··· DATA LISTING ···

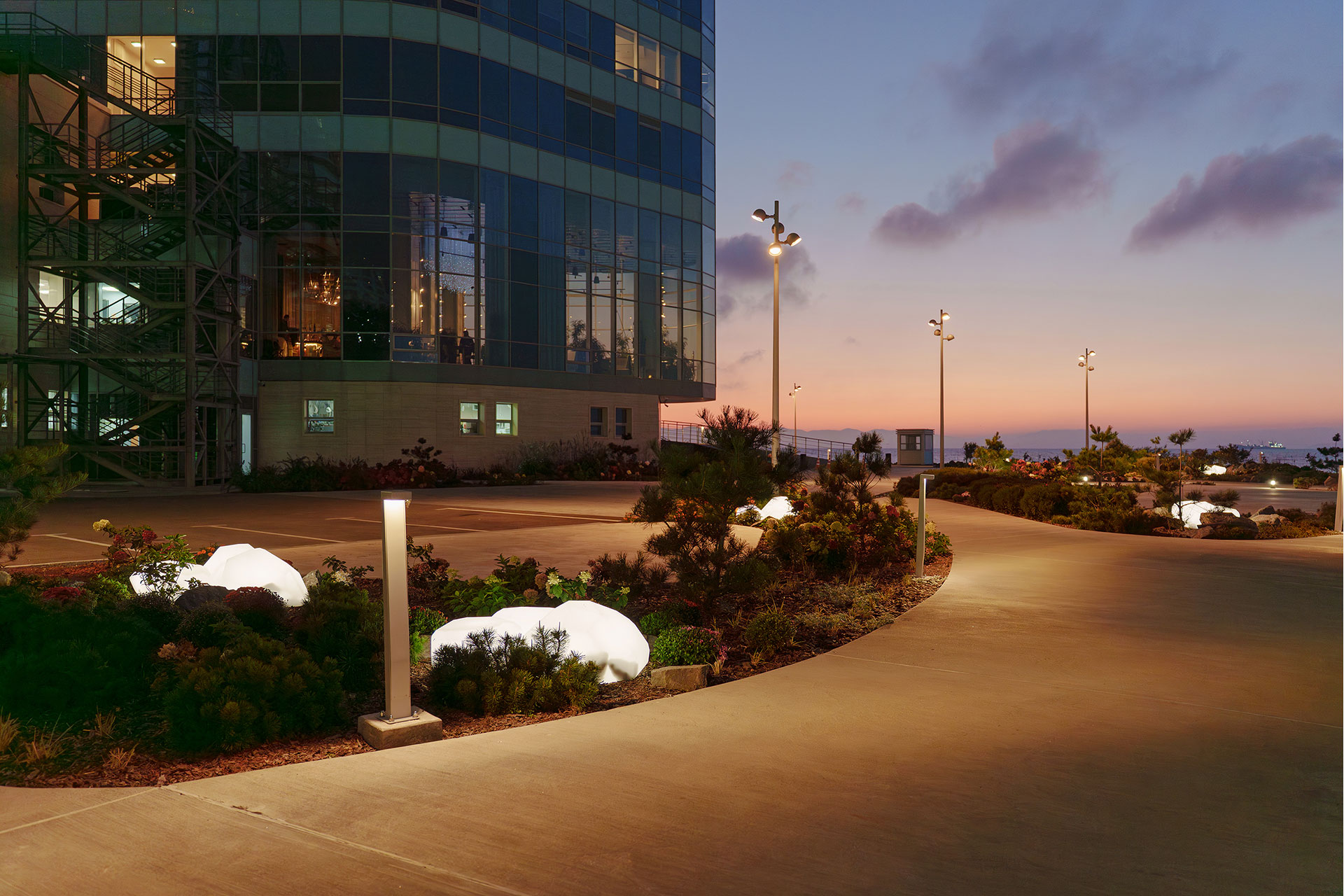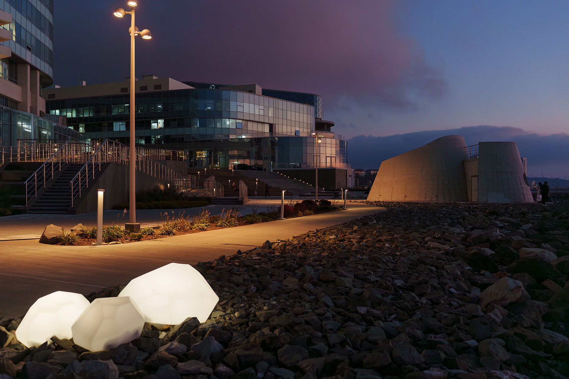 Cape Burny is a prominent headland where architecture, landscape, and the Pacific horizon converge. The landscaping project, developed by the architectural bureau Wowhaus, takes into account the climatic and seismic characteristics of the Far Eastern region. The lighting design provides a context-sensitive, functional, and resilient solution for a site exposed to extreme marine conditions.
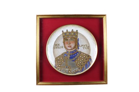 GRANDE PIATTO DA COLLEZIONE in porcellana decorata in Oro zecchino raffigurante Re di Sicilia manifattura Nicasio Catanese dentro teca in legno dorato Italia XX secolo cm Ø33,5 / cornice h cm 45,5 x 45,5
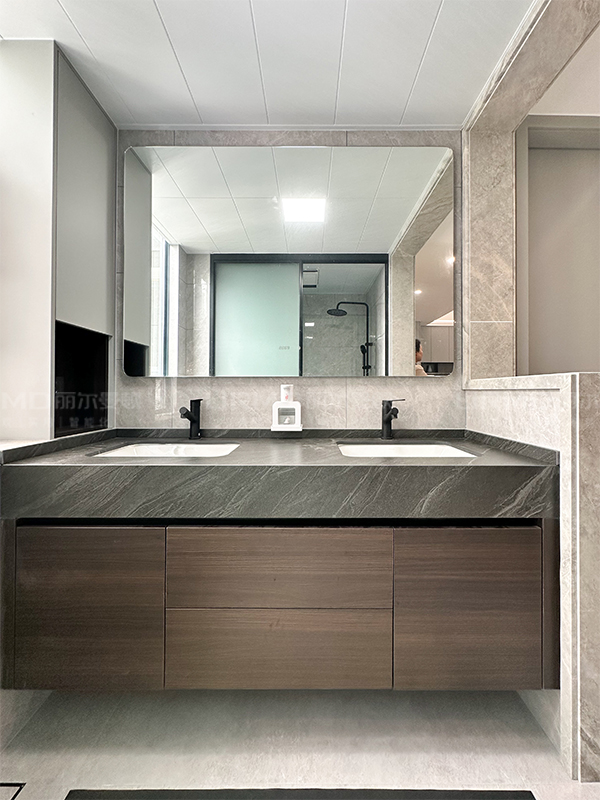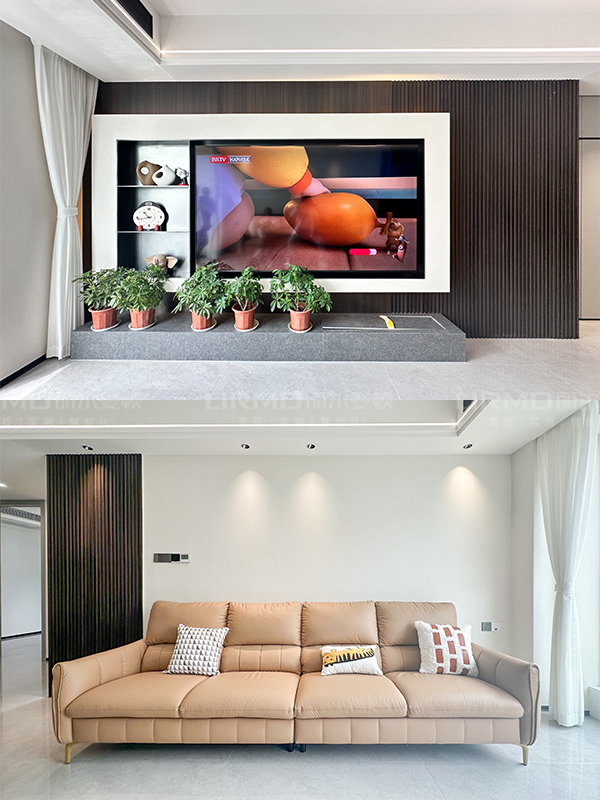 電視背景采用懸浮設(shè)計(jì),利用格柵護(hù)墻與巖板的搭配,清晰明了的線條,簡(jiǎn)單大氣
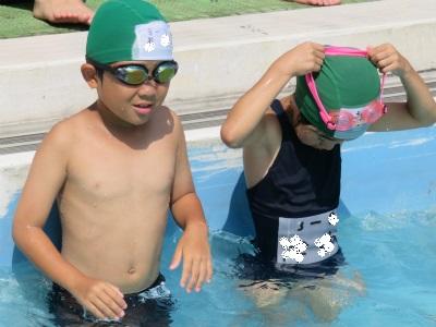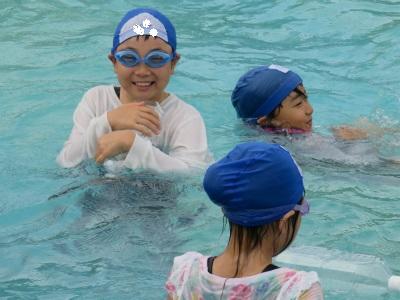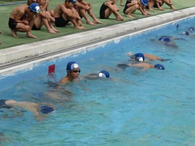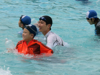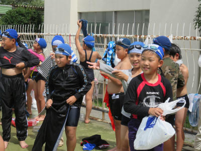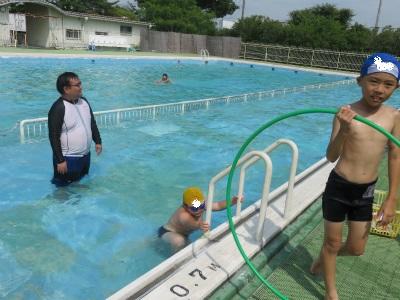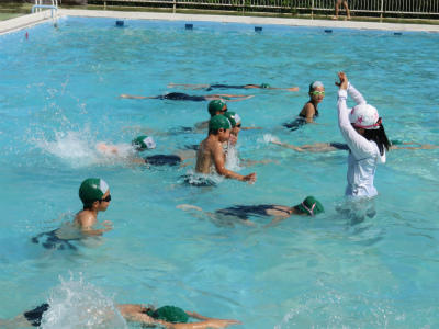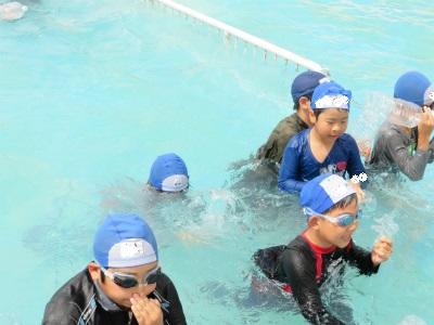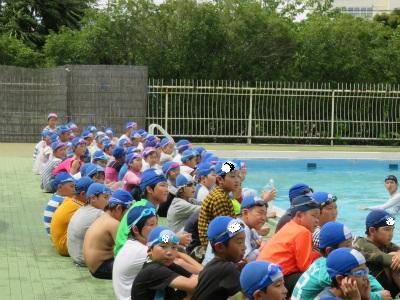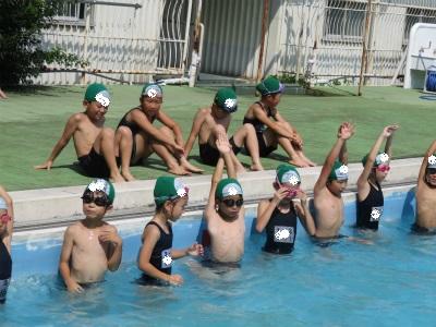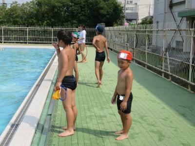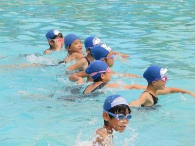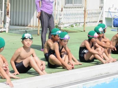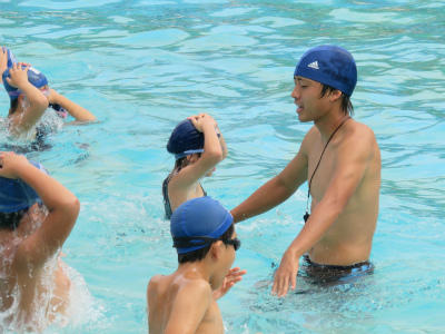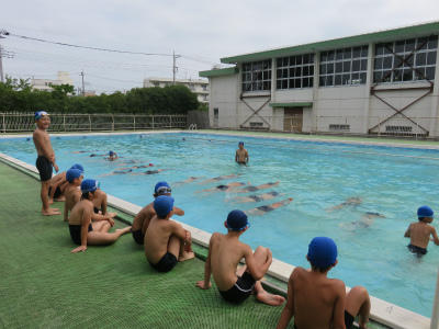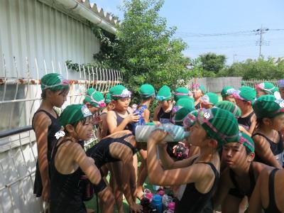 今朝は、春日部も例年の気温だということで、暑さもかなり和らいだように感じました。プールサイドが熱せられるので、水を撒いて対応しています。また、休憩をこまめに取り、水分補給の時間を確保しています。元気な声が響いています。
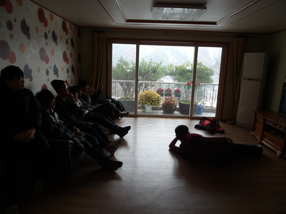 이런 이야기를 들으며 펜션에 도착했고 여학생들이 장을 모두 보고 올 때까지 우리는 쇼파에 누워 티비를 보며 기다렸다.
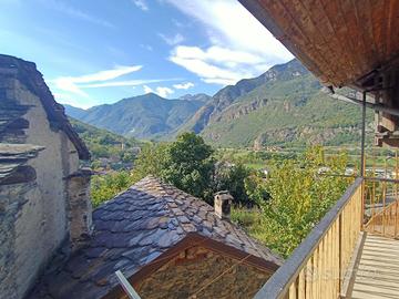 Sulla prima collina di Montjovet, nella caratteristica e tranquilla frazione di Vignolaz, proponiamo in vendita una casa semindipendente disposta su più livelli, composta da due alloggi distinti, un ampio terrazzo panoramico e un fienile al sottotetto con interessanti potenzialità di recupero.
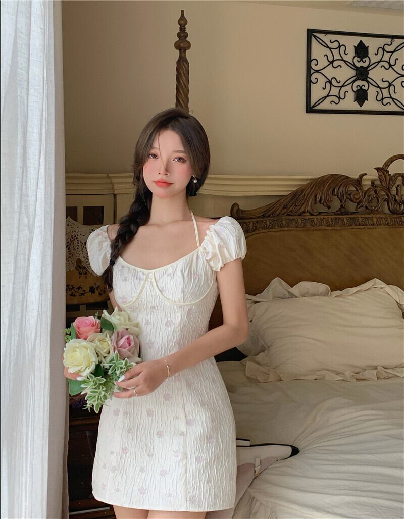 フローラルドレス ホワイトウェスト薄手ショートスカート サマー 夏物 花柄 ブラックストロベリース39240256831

···

TASK OBJECTIVE:
All of the entries above need to be repeated exactly, minus the pictures.

TASK RESULT:
 Cape Burny is a prominent headland where architecture, landscape, and the Pacific horizon converge. The landscaping project, developed by the architectural bureau Wowhaus, takes into account the climatic and seismic characteristics of the Far Eastern region. The lighting design provides a context-sensitive, functional, and resilient solution for a site exposed to extreme marine conditions.
 GRANDE PIATTO DA COLLEZIONE in porcellana decorata in Oro zecchino raffigurante Re di Sicilia manifattura Nicasio Catanese dentro teca in legno dorato Italia XX secolo cm Ø33,5 / cornice h cm 45,5 x 45,5
 電視背景采用懸浮設(shè)計(jì),利用格柵護(hù)墻與巖板的搭配,清晰明了的線條,簡(jiǎn)單大氣
 今朝は、春日部も例年の気温だということで、暑さもかなり和らいだように感じました。プールサイドが熱せられるので、水を撒いて対応しています。また、休憩をこまめに取り、水分補給の時間を確保しています。元気な声が響いています。
 이런 이야기를 들으며 펜션에 도착했고 여학생들이 장을 모두 보고 올 때까지 우리는 쇼파에 누워 티비를 보며 기다렸다.
 Sulla prima collina di Montjovet, nella caratteristica e tranquilla frazione di Vignolaz, proponiamo in vendita una casa semindipendente disposta su più livelli, composta da due alloggi distinti, un ampio terrazzo panoramico e un fienile al sottotetto con interessanti potenzialità di recupero.
 フローラルドレス ホワイトウェスト薄手ショートスカート サマー 夏物 花柄 ブラックストロベリース39240256831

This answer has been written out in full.